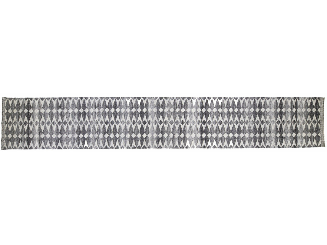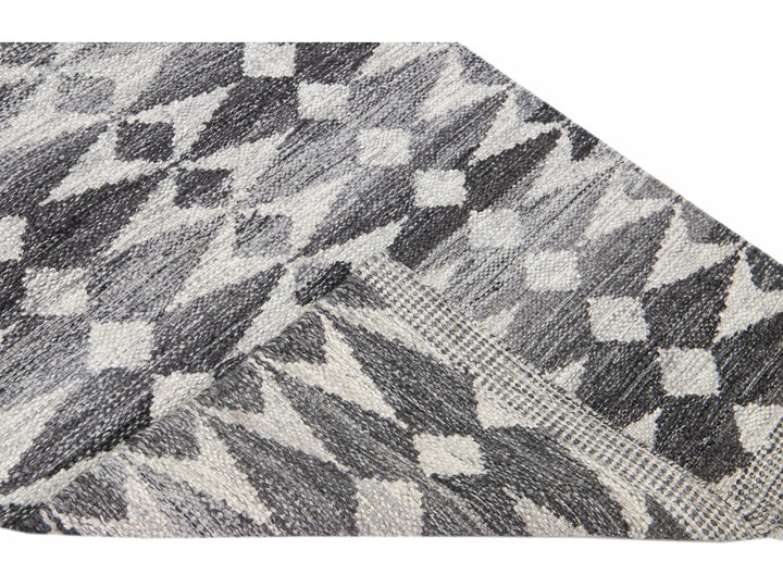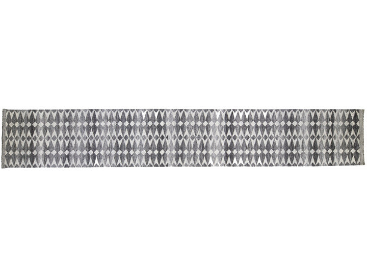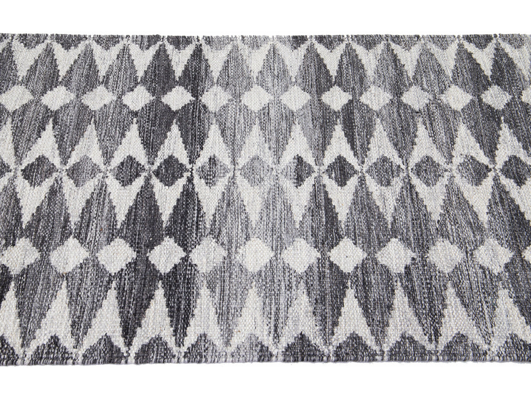 Modern Swedish Style Handmade Gray Wool Runner With Abstract Design
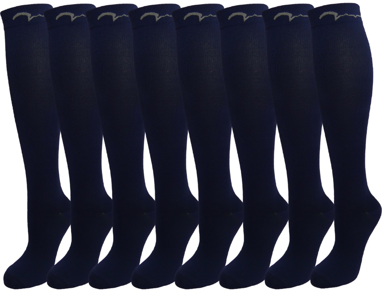 Fashionable & Fun Design Knee-High Stockings for Business or Casual Wear. Anatomic Design with Toe & Heel Pockets. Non-Restrictive Top Band with Stay-Up Performance. Assorted Colors Available: Navy Blue, Denim Blue, Light Blue, Black, White, Brown, Beige, Khaki & Grey. Note: compression increases with calf width, check to see if one size up may be a better fit.
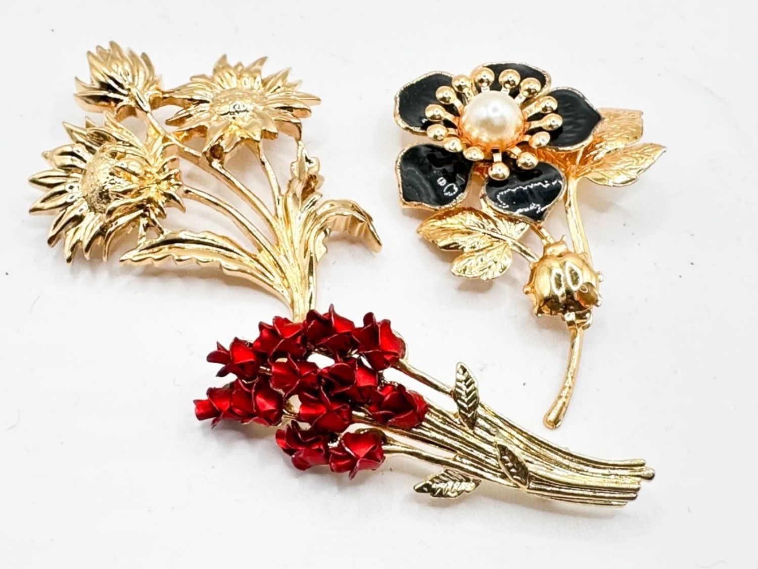 3 FLORAL BROOCHES PRETTY
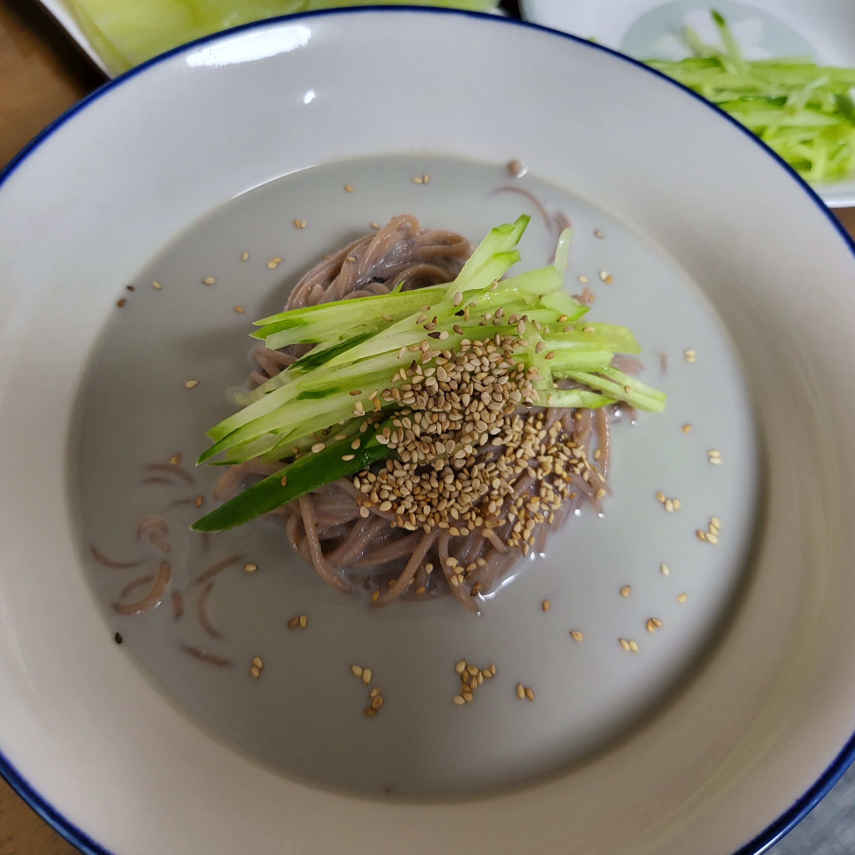 스님이 준비해 주신 게 해죽순보리국수로 만든 콩국수에 반찬으로는 나온 것 중엔 초석잠 피클까지 있어서 반가웠습니다.

> [Action item]:
In the listing above, find the line with "Fashionable & Fun" and the line with "3 FLORAL BROOCHES PRETTY". Set down exactly those lines and everything between them, skipping pictures.

> [Written answer]:
 Fashionable & Fun Design Knee-High Stockings for Business or Casual Wear. Anatomic Design with Toe & Heel Pockets. Non-Restrictive Top Band with Stay-Up Performance. Assorted Colors Available: Navy Blue, Denim Blue, Light Blue, Black, White, Brown, Beige, Khaki & Grey. Note: compression increases with calf width, check to see if one size up may be a better fit.
 3 FLORAL BROOCHES PRETTY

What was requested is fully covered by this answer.